The Midway is committed to representing a wide range of perspectives and viewpoints, including from students not on the Midway staff. Our Maroon Voices series will feature guest columnists on a wide range of issues.
During the summer of 2024, after my sophomore year, I attended the Great Jewish Books Summer Program at the Yiddish Book Center, tucked into the hills of western Massachusetts. During one small-group discussion of Yehuda Amichai’s poem “The Place Where We Are Right,” my peers began questioning the English translation of the poem, originally written in Hebrew. Eventually, the conversation reached a familiar conclusion: that a translator could never truly render a poem at all.
The idea that something inherent is lost in translation is so familiar it barely gets questioned; in fact, there’s a centuries-old Italian saying, traduttore, traditore —“translator, traitor.” But treating translation as betrayal assumes a work can only exist in one form. Translation is not a supplement to literature, but a necessary condition for its expansion beyond a single language.
This skepticism manifests itself in the books that make it to our shelves. In the United States, only about 3% of published books are translations, according to a program at the University of Rochester, and the vast majority of these are from European languages. This linguistic hegemony is unique to the English language market. In Germany, around 15% of titles published annually are translations, and in China translations consistently top bestseller lists.
This scarcity shapes not just what we read, but how literature itself is allowed to move and change. Without translation, literature would remain bounded by language, and ideas or forms that now circulate globally would be confined to their original linguistic communities.

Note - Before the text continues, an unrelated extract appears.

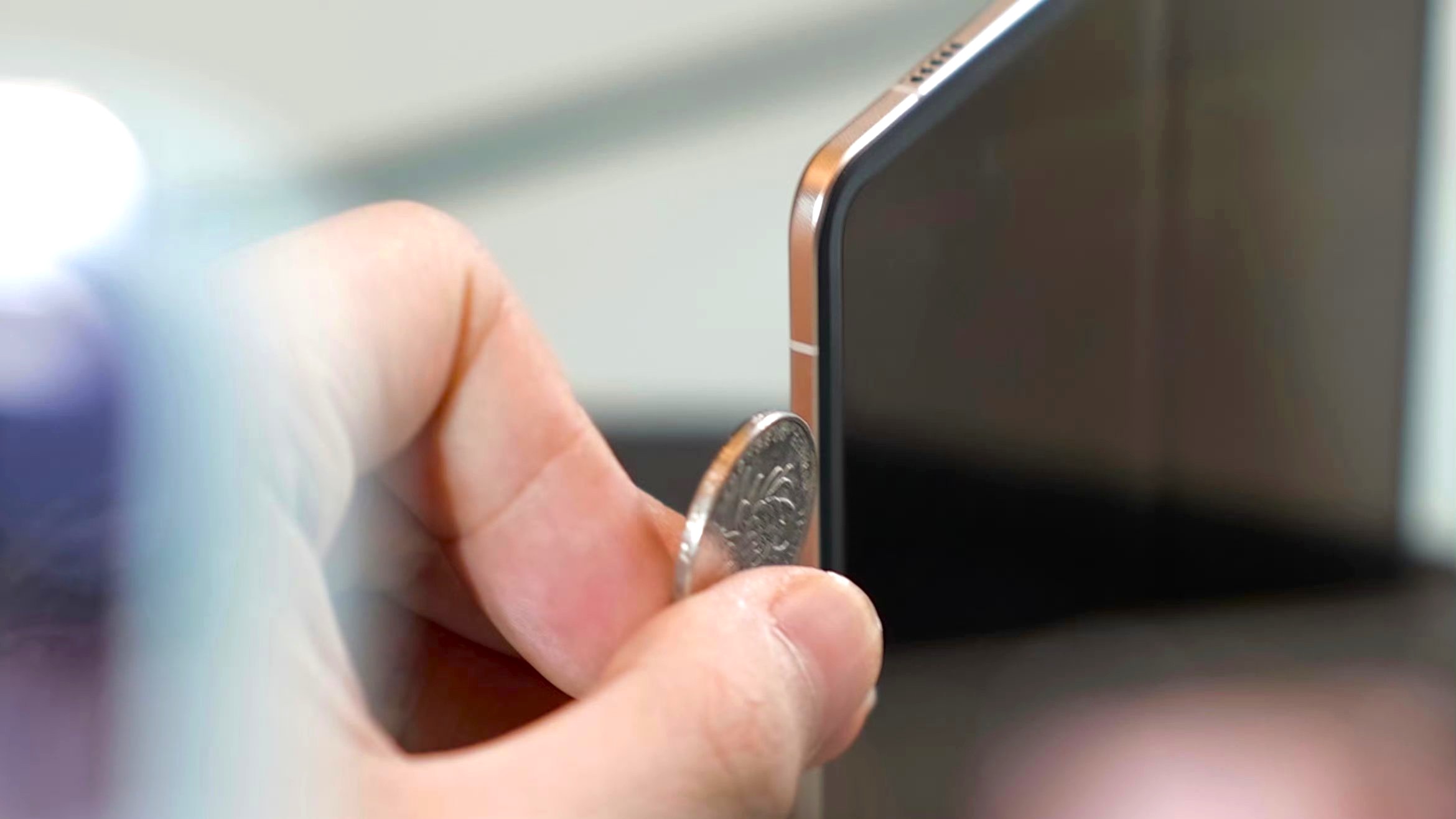 Wie dünn das weltweit dünnste Foldable in 2025 letztlich sein wird, sollen uns die Bilder oben und unten zeigen, die im Rahmen eines kleinen Showevents rund um die Pressekonferenz des Honor-CEOs entstanden sind. Da wurde das neue Foldable mit Kamera-Sichtschutz auf einem kleinen Schiffchen übers Wasser geschickt, umringt von neugierigen Journalisten mit ihren Kameras. Einige haben zum Vergleich auch Gegenstände des Alltags wie Münzen oder einen Stift ans Foldable-Gehäuse gehalten, um den Fortschritt in Sachen Abspeckdiät zu demonstrieren.

Literary movements do not become global because writers can read all 7,000-plus extant languages, but because translation allows styles, risks and innovations to travel. According to a 2023 study conducted by the Booker Prize Foundation, readers of translated fiction are more likely than fiction readers overall to seek out challenging works, to read across genres and to read for knowledge rather than entertainment alone. This is because literary translation is not defined by word-for-word equivalency; rather, it is a creative medium through which literature leaves home. Without translators, poetic forms like the pantoum would have never traveled beyond the Malay archipelago, and writers such as Gabriel García Márquez would have never encountered the work of William Faulkner. These connections have fundamentally altered what readers around the world now recognize as contemporary literature.
What is lost in translation is often overstated, and what is gained is rarely acknowledged. Translation allows us to bridge the gaps between language and thought, and asks the reader not only to interact with the foreign, but to become foreign themselves. To read in translation is to resist both erasure and the assumption that familiarity equals authority, and to accept that literature belongs to the many. It is a choice to let language unsettle us, to bring other perspectives to light, and to recognize that meaning survives through translation, not in spite of it.